Science by its very nature is an argument. But apparently not this one any more. Yet a minority of scientists are still lining up to challenge the accepted wisdom with their claim that global warming is being principally driven by the sun, not by human activity.

The mainstream view is that an accumulation of greenhouse gases, mostly due to human activity, is trapping too much of the sun's heat within our atmosphere. But the rebels against this dominant view suggest massive variations in the sun's heat radiation are far more influential in warming than accumulating greenhouse gases.

The UN-linked Intergovernmental Panel on Climate Change released the executive summary of the science of its fourth assessment report in February. It reported "90 per cent" certainty among consulted scientists that the 0.6C average temperature increase measured during the 20th century was largely caused by the release of greenhouse gases, mainly from the burning of fossil fuels by industrialised economies. In other words, by humans.

Although the scale of warming predictions had altered little during the preceding six years of research, politicians and mainstream climate-change scientists queued up to declare the argument about human-caused climate change was officially over.

Despite such confidence, hundreds of blogs across the world continue to run charged claims and counterclaims on the internet about the various positions adopted by climate scientists. The scale of the argument is unprecedented and reflects considerable uncertainty. By comparison, there are no blogs debating the validity of the periodic table of elements, for example. ...

...At least one of the 1500 "leading scientists" it quotes as its underpinning authority is also one of its staunchest critics, Richard Lindzen, who is Alfred P. Sloan professor of meteorology at the Massachusetts Institute of Technology. He was a contributing author to this year's fourth IPCC assessment report but remains highly critical of how the panel operates, claiming it is largely a political process underpinned by science, which carefully stage-manages the release of its reports to maximise political impact.

The IPCC made headlines across the world in February with the release of the executive summary of its assessment report, which Lindzen says was severely modified by the political session that writes it and which is now modifying the full scientific report to fit for release in May. "That's a very funny procedure by most standards," he said. "You don't appeal to consensus if you have a scientific argument.

"Very few of the models are independent and they all share certain profound difficulties. They all get clouds hugely wrong and a small change in clouds has a much bigger effect than doubling CO2."

Bob Carter, who is a research professor in marine geology at James Cook University, says there are some excellent scientists involved in the IPCC process and the actual report is likely to be both sound and useful science. But he is even more scathing of the process.

"I think it is probably without precedent in any Western democratic process, the idea that you would publish an executive summary before the report and then openly say that 'we need a few more weeks to work on the report to make sure it is consistent with the executive summary'," he says.

"I don't know how anybody can take them seriously. It's become a religion. I have no doubt that a number of the IPCC supporters genuinely believe. Others know very well that the evidence isn't there, but it suits them to believe. ...

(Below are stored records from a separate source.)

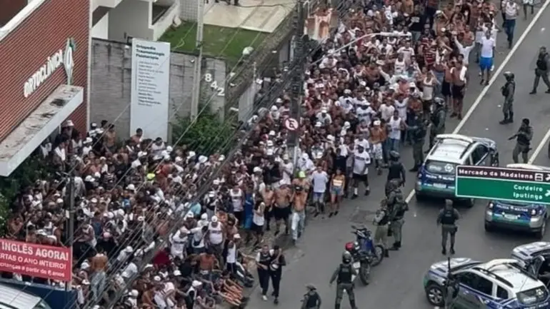 Vídeos publicados nas redes sociais mostram correria e pancadaria nos arredores da Real TorreNa manhã deste sábado (1º), torcidas organizadas de Sport e Santa Cruz protagonizaram um violento confronto nas ruas de Pernambuco, horas antes do clássico das multidões, marcado para as 16h30, no Estádio Arruda, pela sexta rodada do Campeonato Pernambucano de 2025.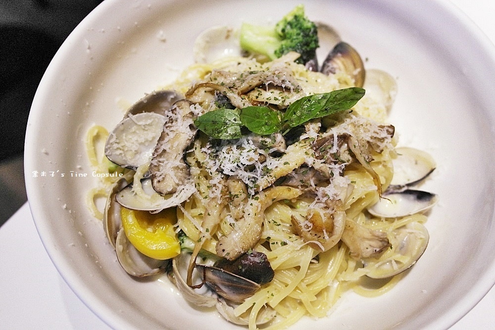義大利麵吸附了新鮮蛤蜊的鹹香、蕈菇特有的香氣,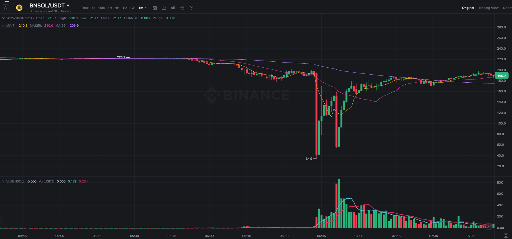 Binanceのオラクルはこれを“正しい市場価格”と誤認。 担保評価が急落 → 担保不足 → 連鎖的清算が発生。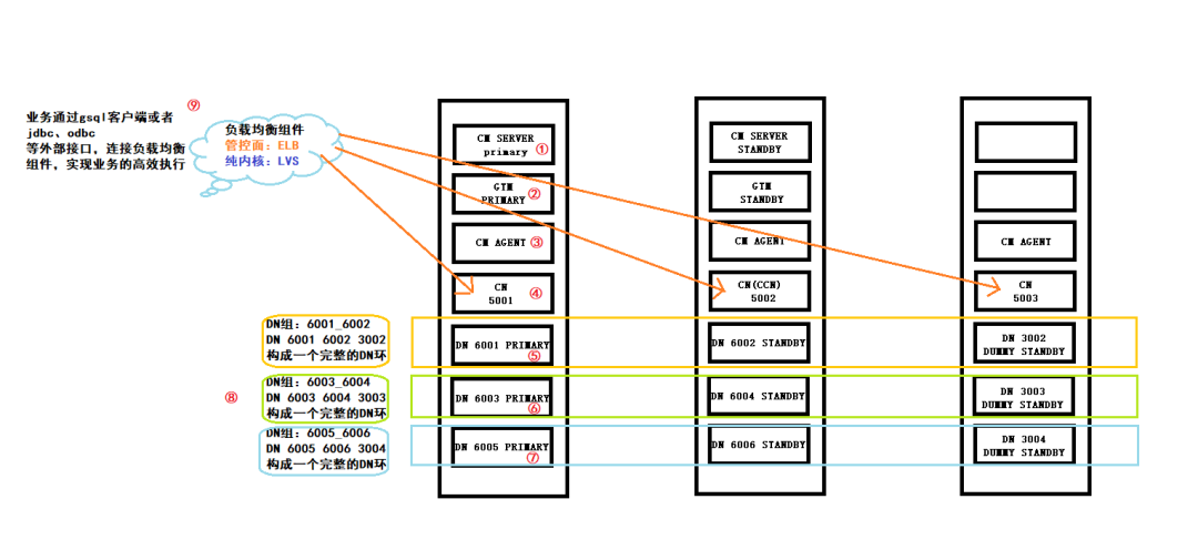 ⑧:DN组和DN环,一个主DN和其备DN以及从备DN,称为一个DN组,使用主DN和备DN的实例编号下划线连接表示,如dn_6001_6002。一个节点上所有主DN及其备DN和从备DN的组合,称为一个DN环。对于大规模集群,若单个节点的DN数超过1个,DN环可能超过个3节点。如,6节点集群,节点1有两个主DN,DN组1主备从分布在节点123,DN组2主备从分布在134,则称之为4节点成环。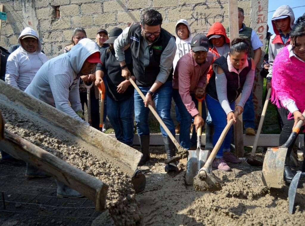 Con botas y oala en mano, Solis Gómez participó en el tendido del concreto, sumándose al esfuerzo de la ciudadanía y reafirmando que este programa tiene como esencia trabajar hombro con hombro para atender las necesidades de cada localidad.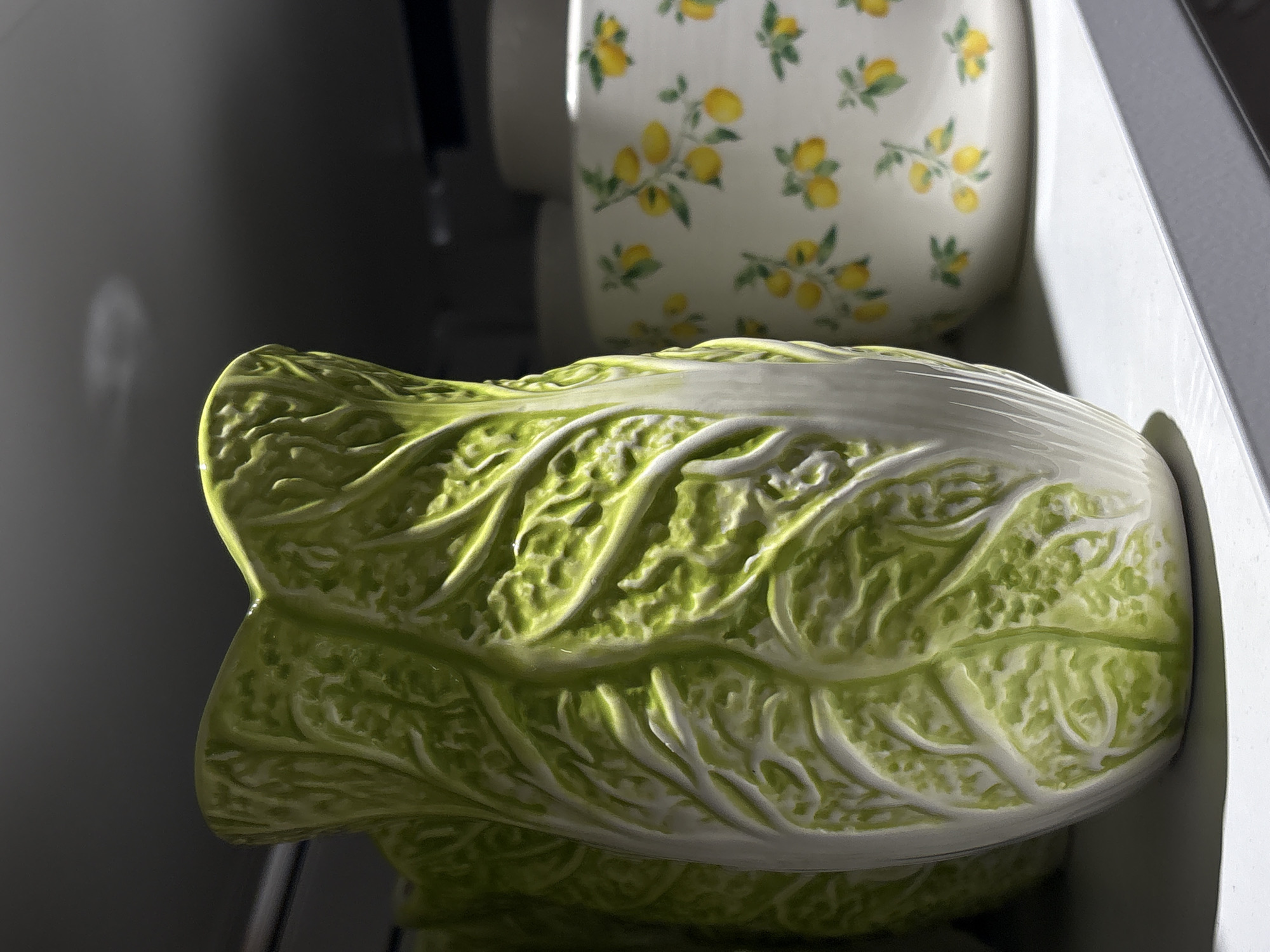 The image depicts an indoor scene focused on decorative ceramic objects displayed on a white shelf. In the foreground and center-left, a light green and white ceramic vase is prominently featured. This vase is designed to resemble a head of savoy cabbage or lettuce, with a textured surface showing raised white veins and ruffled light green leaf-like areas. The rim of the vase is irregularly shaped, mimicking the top edge of a vegetable. To the right and slightly behind, a second, out-of-focus white ceramic container is visible. This container is patterned with multiple clusters of small yellow lemons accompanied by green leaves. The objects are illuminated from the upper left, creating distinct highlights on the raised textures of the main vase and casting shadows. The background above the shelf is dark and lacks discernible features. No individuals are present, nor are any actions or interactions depicted. There are no visual cues within the image to identify a specific location within the city of Kragujevac, Serbia.

...In his Oscar-winning documentary An Inconvenient Truth, former US vice-president Al Gore's central claim in his description of the science was his correlation of 650,000 years of temperature changes with atmospheric carbon concentrations using polar ice-core samples. Gore described the relationship as complex, but made the most of the theatre, climbing up on a crane to accentuate the scale of the increases in greenhouse gas. But the sceptics point to a paper published in Nature and Science magazines showing the historical relationship between carbon dioxide and temperature has the gas lagging, not leading.

That is, greenhouse gas rises occurred about 800 years later than allegedly matching temperature change, as the warming seas released more gas into the atmosphere and trapped it when cooling.

This doesn't discredit the mainstream theory that present levels of greenhouse gases are still well above historical levels, but it is one of several areas where even mainstream scientists believe Gore appears loose with the science to make his film more dramatic.

The CBC documentary referred to predictions of sea-level rises of up to 24m as a result of climate change. The IPCC predicts rises at worst of about 50cm by 2100. If it's not OK to mislead the public in criticising climate-change science, why is it OK to mislead people in selling it? ...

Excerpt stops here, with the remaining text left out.